[Data records]
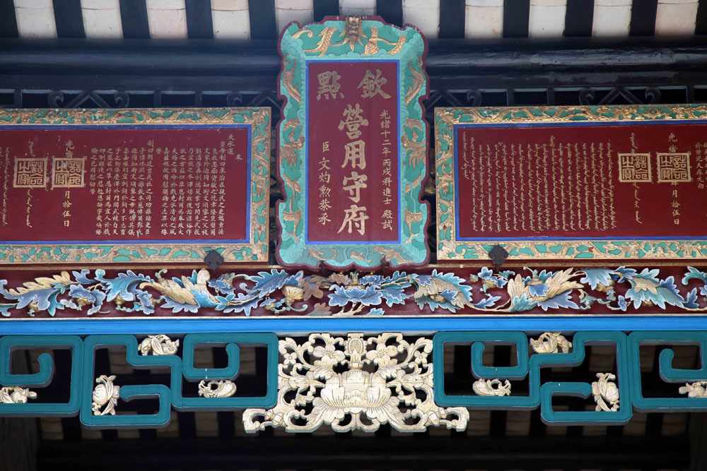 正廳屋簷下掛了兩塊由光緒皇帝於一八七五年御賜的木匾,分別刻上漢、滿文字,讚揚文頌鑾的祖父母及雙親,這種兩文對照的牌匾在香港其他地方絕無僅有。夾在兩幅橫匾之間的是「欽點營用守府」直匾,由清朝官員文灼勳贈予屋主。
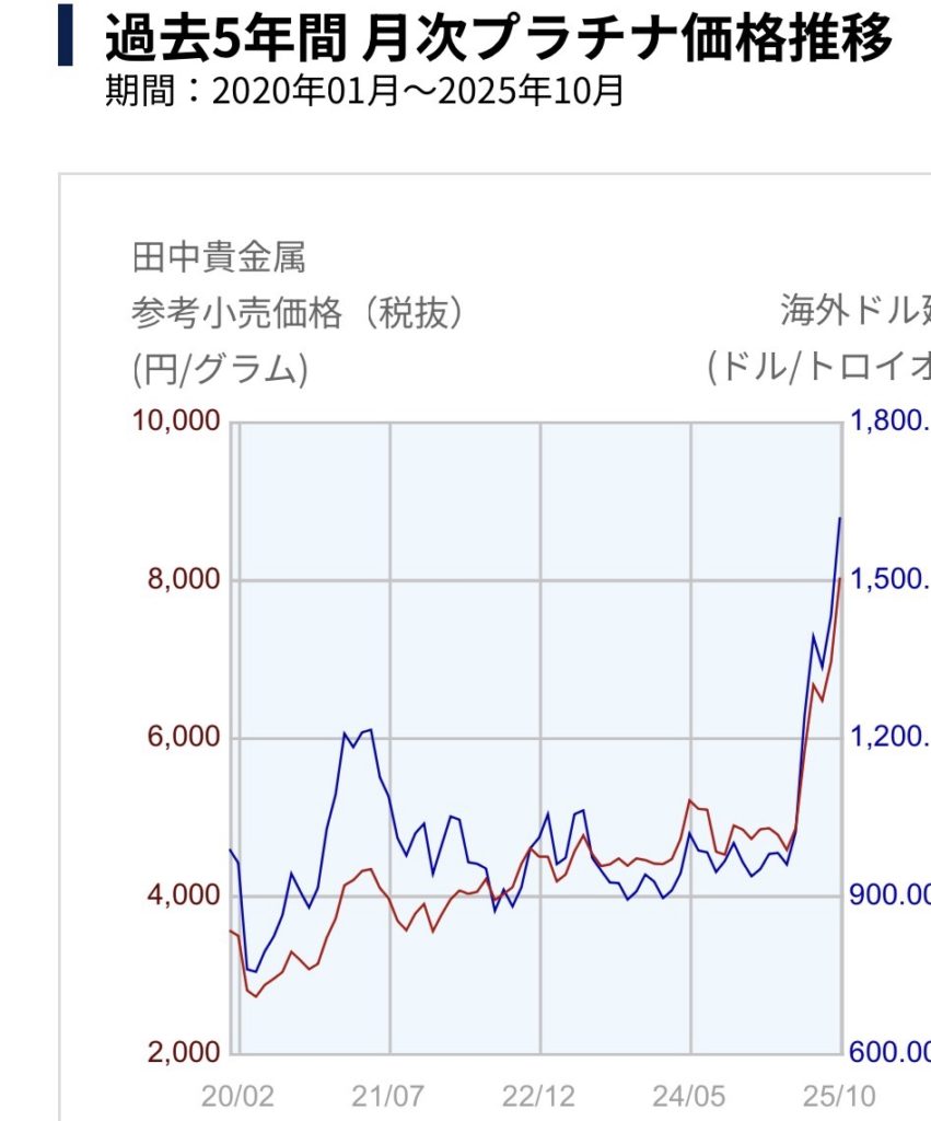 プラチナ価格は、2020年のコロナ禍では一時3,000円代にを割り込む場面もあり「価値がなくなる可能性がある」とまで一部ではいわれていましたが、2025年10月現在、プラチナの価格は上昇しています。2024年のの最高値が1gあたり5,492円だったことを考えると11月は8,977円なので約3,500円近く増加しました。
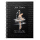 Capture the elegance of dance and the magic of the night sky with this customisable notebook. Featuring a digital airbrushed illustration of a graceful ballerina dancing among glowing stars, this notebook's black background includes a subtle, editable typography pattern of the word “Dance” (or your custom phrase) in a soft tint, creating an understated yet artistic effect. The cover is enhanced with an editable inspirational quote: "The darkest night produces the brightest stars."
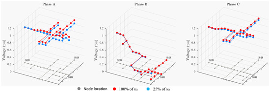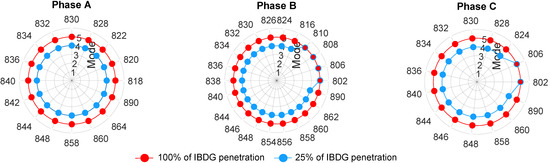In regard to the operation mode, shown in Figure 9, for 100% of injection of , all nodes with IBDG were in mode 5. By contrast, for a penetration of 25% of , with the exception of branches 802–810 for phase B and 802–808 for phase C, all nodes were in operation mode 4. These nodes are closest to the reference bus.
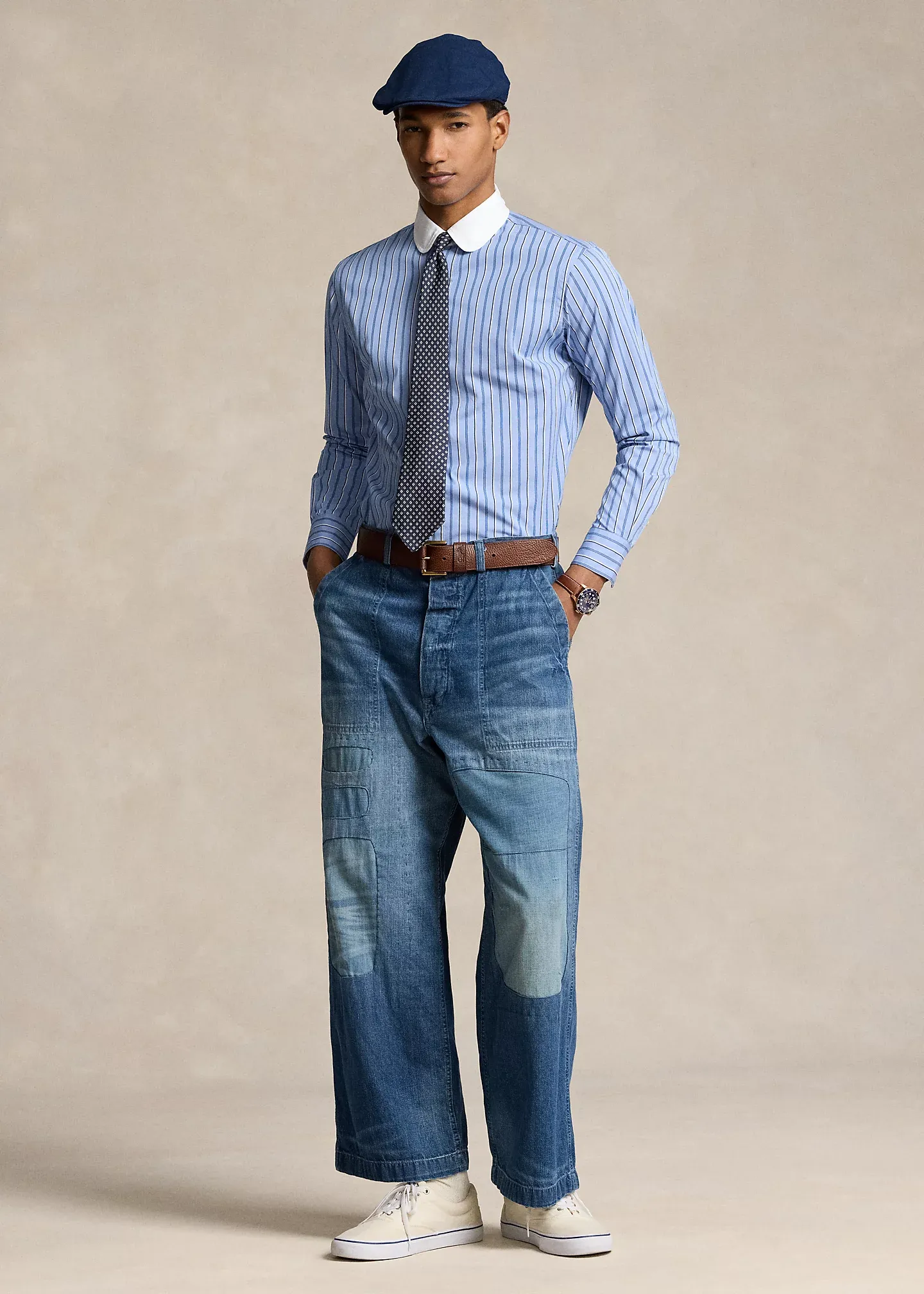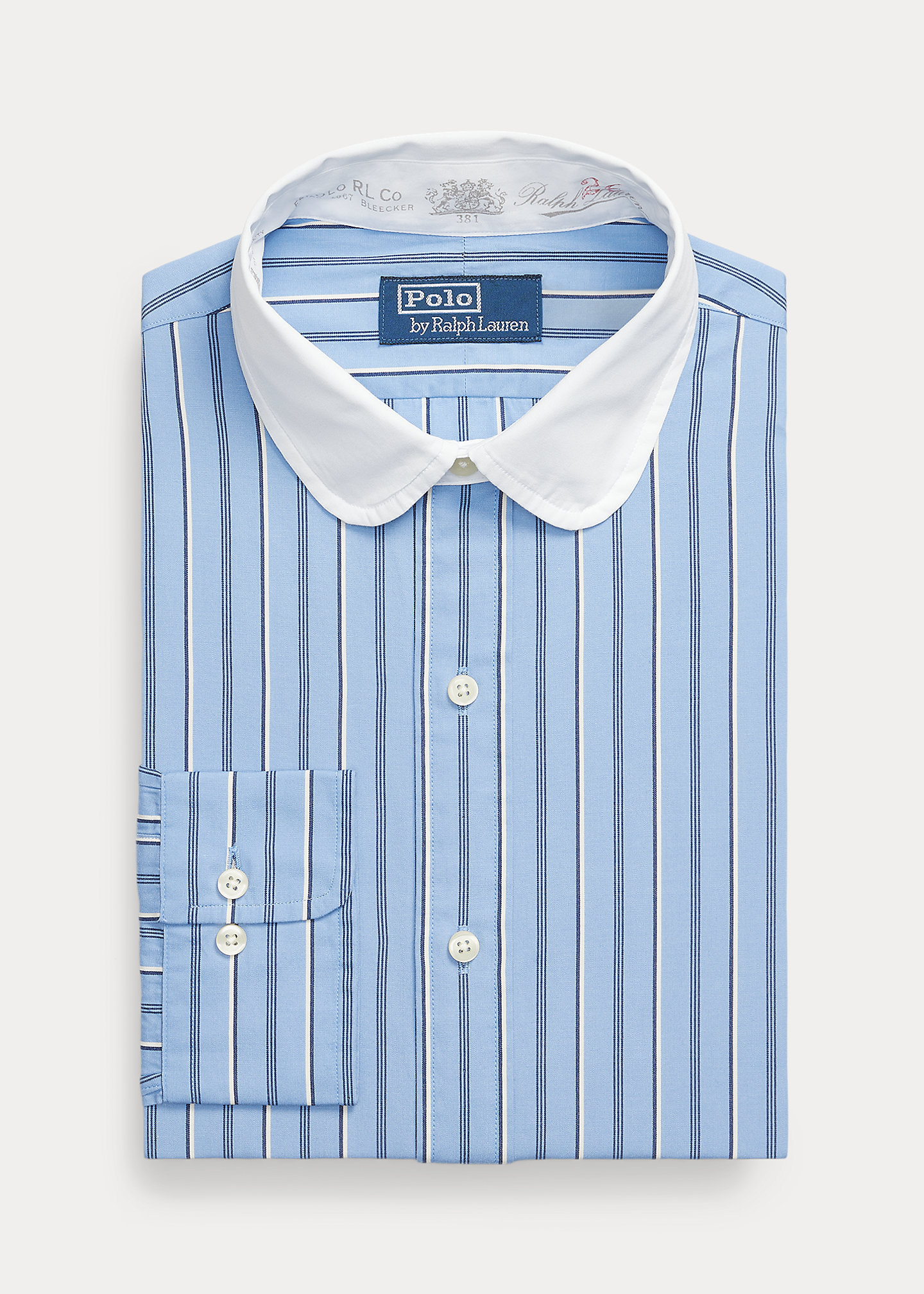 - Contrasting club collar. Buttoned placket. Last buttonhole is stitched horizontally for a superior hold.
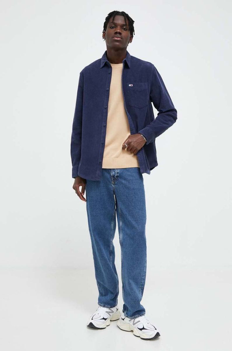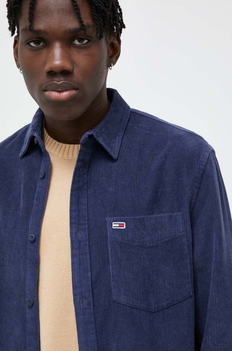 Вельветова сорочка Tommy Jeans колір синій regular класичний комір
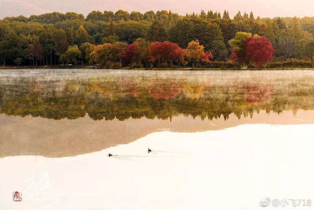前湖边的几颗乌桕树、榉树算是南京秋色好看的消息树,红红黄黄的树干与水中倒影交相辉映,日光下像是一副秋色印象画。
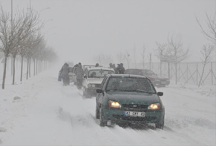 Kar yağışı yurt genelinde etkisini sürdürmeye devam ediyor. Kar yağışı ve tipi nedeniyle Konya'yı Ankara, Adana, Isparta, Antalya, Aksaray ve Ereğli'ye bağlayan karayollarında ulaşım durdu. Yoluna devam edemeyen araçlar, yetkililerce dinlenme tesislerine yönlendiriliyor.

**Exercise directions**: The stretch above running from the line with "Вельветова сорочка Tommy" through the line with "前湖边的几颗乌桕树、榉树算是" is all you should copy, exactly, leaving out the pictures.

**Solution to the problem**:
 Вельветова сорочка Tommy Jeans колір синій regular класичний комір
前湖边的几颗乌桕树、榉树算是南京秋色好看的消息树,红红黄黄的树干与水中倒影交相辉映,日光下像是一副秋色印象画。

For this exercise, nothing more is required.